Все это было в прошлом, и исправить это было уже никак нельзя, но я отчаянно сожалела о том, что не уделяла больше внимания той боли, которую испытывала моя дочь. Та подруга решила поступать в университет, в котором хотела учиться и моя дочь. Сама же Анна не смогла туда поступить даже после повторной сдачи экзаменов, что стало для нее травмой, от которой она никак не могла избавиться. Я сама в некоторой степени смогла избежать общественного представления о «меритократии[8]», которое на протяжении всей своей жизни я всегда подвергала сомнению, но моей дочери избежать его не удалось. Однако она заболела не из-за негативного влияния той девочки, все произошло как раз наоборот: именно из-за болезни, которой в то время уже страдала Анна, слова и действия подруги ранили ее сердце, словно бритва, и она жила, глубоко страдая каждый день.
С лечащим врачом Анны я была знакома еще с университета, поэтому наша личная консультация проходила в более свободной атмосфере, по сравнению с тем, как обычно проходят беседы специалистов с пациентами и их близкими.
Врач объяснила нам основные особенности болезни Анны и сказала слова ободрения, похожие на доброе напутствие. Ожидалось, что прогноз будет хорошим: Анна была зрелой личностью, не винила других людей в своих трудностях, и к тому же она сама осознавала, что больна, и сама обратилась в больницу за помощью. Большинство пациентов с такой болезнью проецируют все свои проблемы на окружающих, и в результате отношения с близкими рушатся: дети, которым поставили диагноз, и их родители иногда даже становятся врагами. Обвинение других может быть следствием психического расстройства, но у Анны это не наблюдалось: она сосредоточилась на том, что во всем, что с ней происходит, виновата она сама. Но из-за этого у нее была слишком низкая самооценка, что стало еще одной трудностью, хотя в ее проблемах отчасти могли быть виноваты и мы, ее родители.
Я всегда считала, что мне в жизни повезло: я родилась в хорошие времена, училась в хорошем университете, и мне нравилось то, чем я занимаюсь сейчас, поэтому я никогда не заставляла свою дочь, которой повезло меньше, достигать того же, чего достигла я. Однако у ее отца было иное мнение, поэтому он мог ругать Анну за недостаточные усилия. Впервые в жизни моя дочь пожаловалась на отца во время консультации с врачом после госпитализации. Она рассказала, что ощущала такой недостаток понимания с его стороны, какой ощущает человек со сломанной ногой, которому сказали встать и идти.

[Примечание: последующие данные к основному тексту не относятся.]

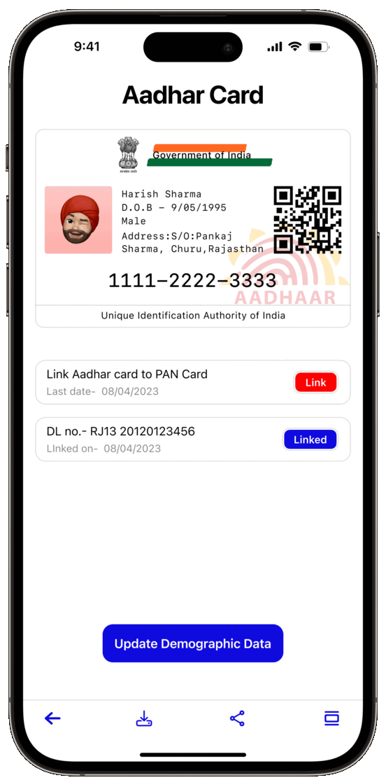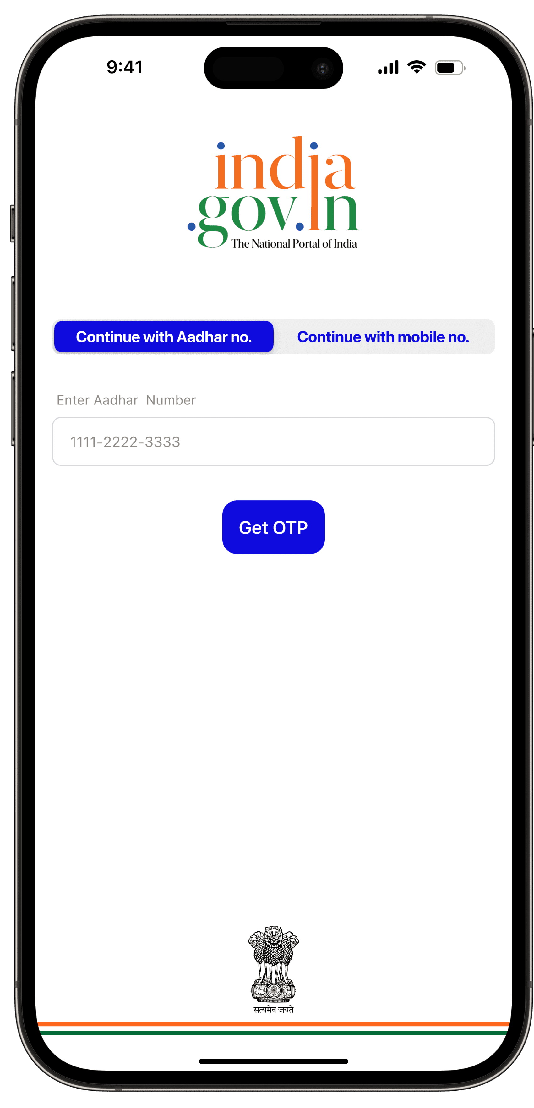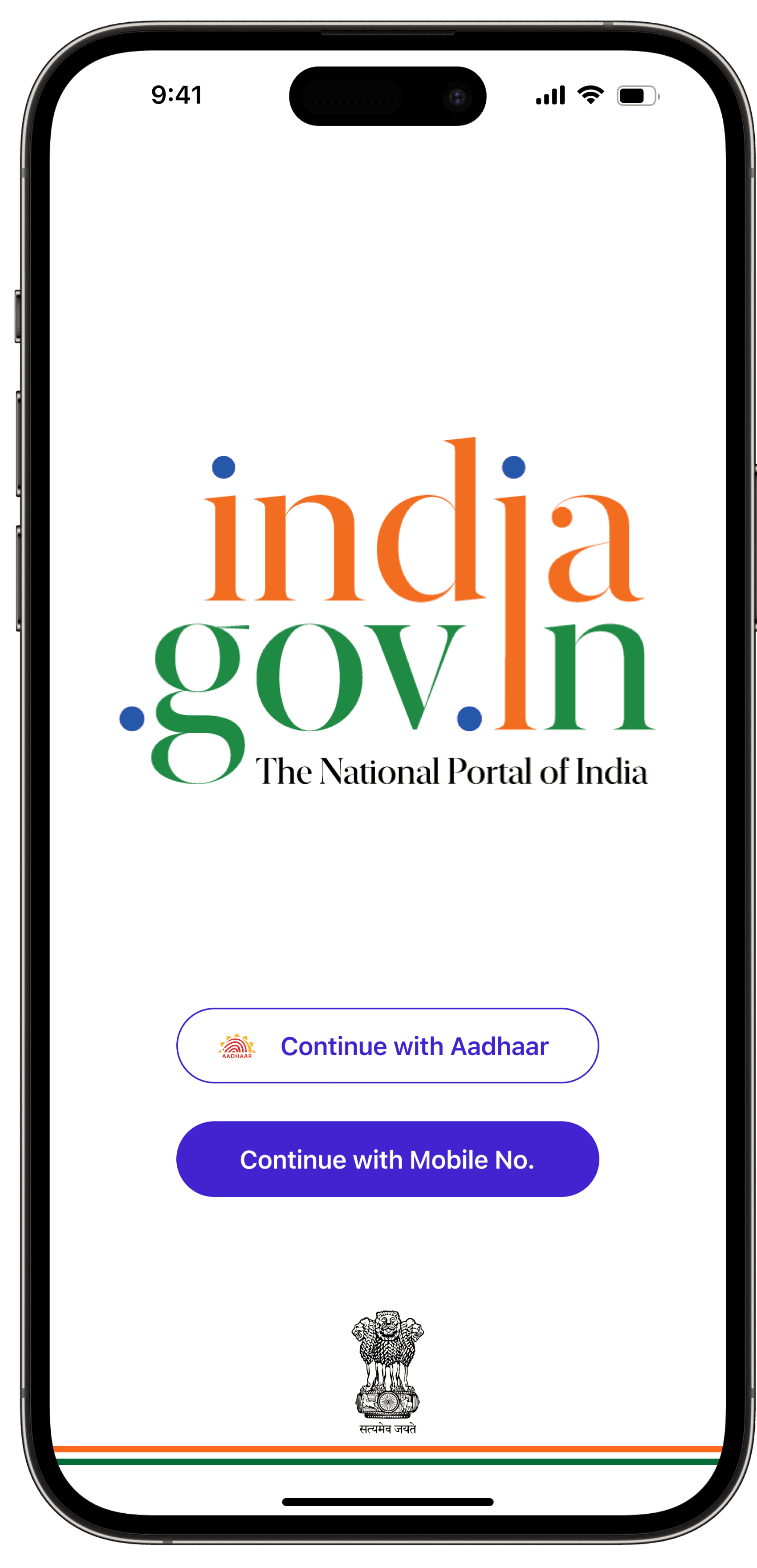 The onboarding process includes a seamless Aadhar ID/mobile (linked to Aadhar) login for identity verification. Users will find an introductory section to learn more about the app's features.

В отношении моей дочери врач сказала: «Ей нужно прожить свою жизнь, занимаясь культурной и художественной деятельностью».
Это означало, что, если родители будут заставлять Анну жить так, как хотят они, девушка будет несчастлива. И я не могла не согласиться с этим: разве я не буду благодарна судьбе, если моя дочь, которая была на грани смерти, немного поживет счастливо? Но я переживала из-за другого: мне было известно, что учеба – это самое легкое. В моей памяти всплывали истории многих гениальных художников, которые принесли бесконечное счастье окружающим, но сами прожили мучительную и несчастливую жизнь.